Datedif gives wrong result

J

Jonathan Cooper

Beginning Date Ending Date months
11/30/2009 12/31/2009 1
11/30/2009 1/31/2010 2
11/30/2009 2/28/2010 2
11/30/2009 3/31/2010 4

I'm a bit puzzled. Beginning Date is in A1. Ending date in B1 and my
datedif formula in column C.

The formula starting in C2 is =DATEDIF(A2,B2,"m"). Shouldn't February be
equal to 3? Based upon Chip's site, I'm guessing that it has something to do
with leap year but the last one was in 2008 and the next one is in 2012 so
neither Date1 or Date2 have a leap year.

I've tried different beginning dates but January and February give the same
result. Obviously it is something to do with February.

Unfortunately I'm using Excel 2003 SP3. Windows XP SP3.

Any other way to find the number of months inbetween two dates?
 
×

מיכ×ל (מיקי) ×בידן

As far as I remember [being among those who used "Lotus 123"] it was a "bug"
that Excel - who was the follow-up of "Lotus 123" - carried on with.
Unless you get better suggestion than mine - switch to "1904 system date"
[Tools > Options > Calculate tab]
Micky
 
D

David Biddulph

Nothing to do specifically with February or with leap years.

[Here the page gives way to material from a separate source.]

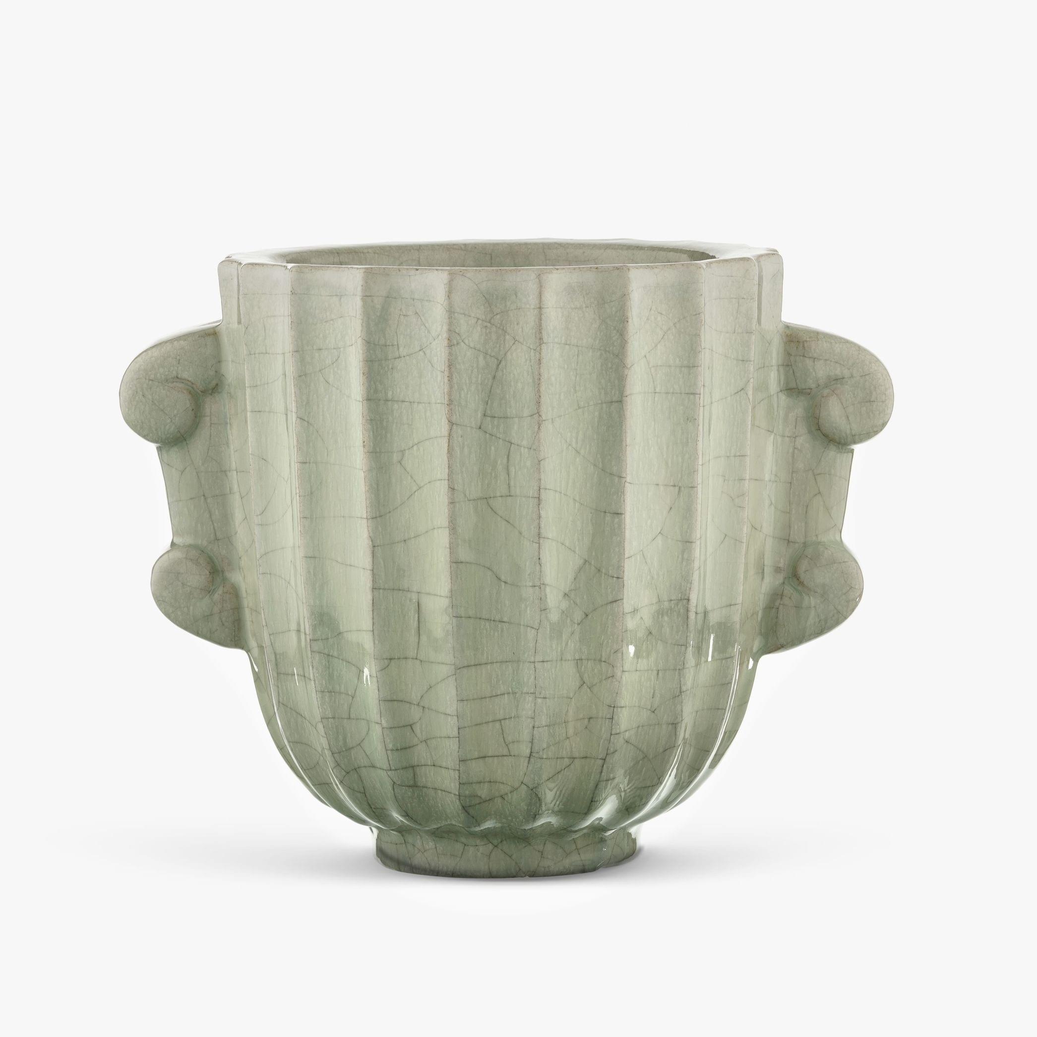 Vase Art Déco, céramique céladon, signée, située et datée "Pour Paris 1937", H 23 cm

You need to think about what DATEDIF is doing.
If your beginning date is the nth of one month, DATEDIF(...,...,"m") will
increment when the end date reaches the nth of each succeeding month.
Hence if the start date is the 30th, DATEDIF will increment at the 30th of
each subsequent month. Obviously February does not have a 30th, so DATEDIF
doesn't increment until the end date steps into March.
You will see the same thing if your start date is 31st. See what happens if
start date is 31st Oct, and end date is the last day of each subsequent
month. It won't increment DATEDIF if last day of end month is 30th, so you
have to wait until you go on to following month.